Some teams can sort this out in a day. Others need an outside review because the workflow got messy over time. If you want a second set of eyes, Oleg Sotnikov at oleg.is works with startups and smaller companies on AI product architecture, infrastructure, and practical AI adoption. The useful first step is usually simple: map one workflow, move the hidden rules out of prompts, and give each risky decision a clear owner.

Frequently Asked Questions

How do I know a prompt is hiding a real business rule?

If your team cannot point to a rule outside the prompt, the prompt owns too much. You will also notice inconsistent answers for similar requests, especially after small prompt edits or model updates.

What rules should I move out of prompts first?

Start with rules that affect money, access, customer trust, or legal exposure. Refund limits, discount caps, approval steps, data access, and auto-send actions should leave the prompt first.

Where should hard rules live instead of the prompt?

Put fixed rules in code, config, decision tables, or admin settings that people can review. Keep the prompt for tone, context, and answer style, not for policy.

Who should own a risky AI decision?

Give each risky decision one named person who signs off on the rule and updates it when policy changes.
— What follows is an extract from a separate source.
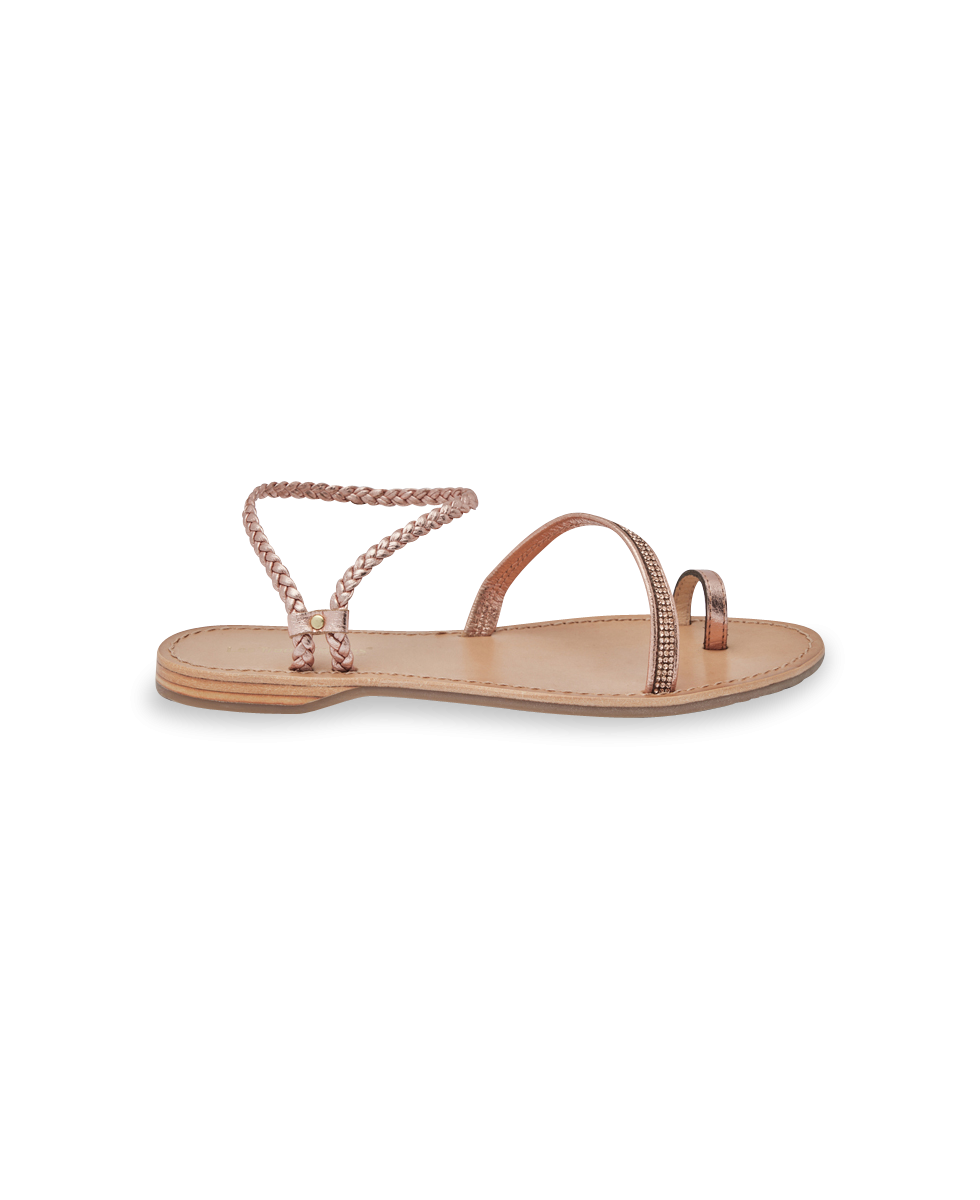 Learn more +The Hellistar flat sandals feature a discreet finger wrap and a minimalist rhinestone-embellished strap, making them a real jewel for your foot. We love the delicately braided ankle strap.

That owner should answer what the model may do, what it must never do, and what happens after a bad output.

What counts as a risky decision in an AI product?

Treat any action that changes money, pricing, refunds, customer data, account access, or outbound messages as risky. If a bad answer creates cleanup work or hurts trust, put an owner on it.
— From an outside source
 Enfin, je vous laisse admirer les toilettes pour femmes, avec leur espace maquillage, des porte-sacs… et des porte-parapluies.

Why do small prompt edits cause big product changes?

Because prompt edits change logic, not just wording. A softer phrase can turn a suggestion into an approval, skip a review step, or change how the model weighs one rule against another.

What should an AI workflow interface include?

Define the exact input fields, where they come from, and how fresh they must be. Then define the output shape with fixed fields like action, reason, confidence, and review_required so downstream systems do not guess.

How do I inspect one real workflow without overcomplicating it?

Pick one task that happens often, such as a support reply or quote draft, and trace it from the first user action to the final result. Write down every prompt, tool call, handoff, output, and failure path until you can explain each step in one sentence.

What fallback should I add before I spend more time on prompt tuning?

Add safe fallback behavior before you tune the prompt. Ask for missing input, route the case to a person, return a narrow safe answer, or stop the workflow when confidence drops.

What should I verify before I release an AI feature?

Check that people can find the rules without reading prompt text line by line, that one person owns each risky action, and that logs show the request ID, model version, prompt version, tool calls, validation, and final action. If support cannot explain why the system answered, retried, refused, or escalated, do not ship yet.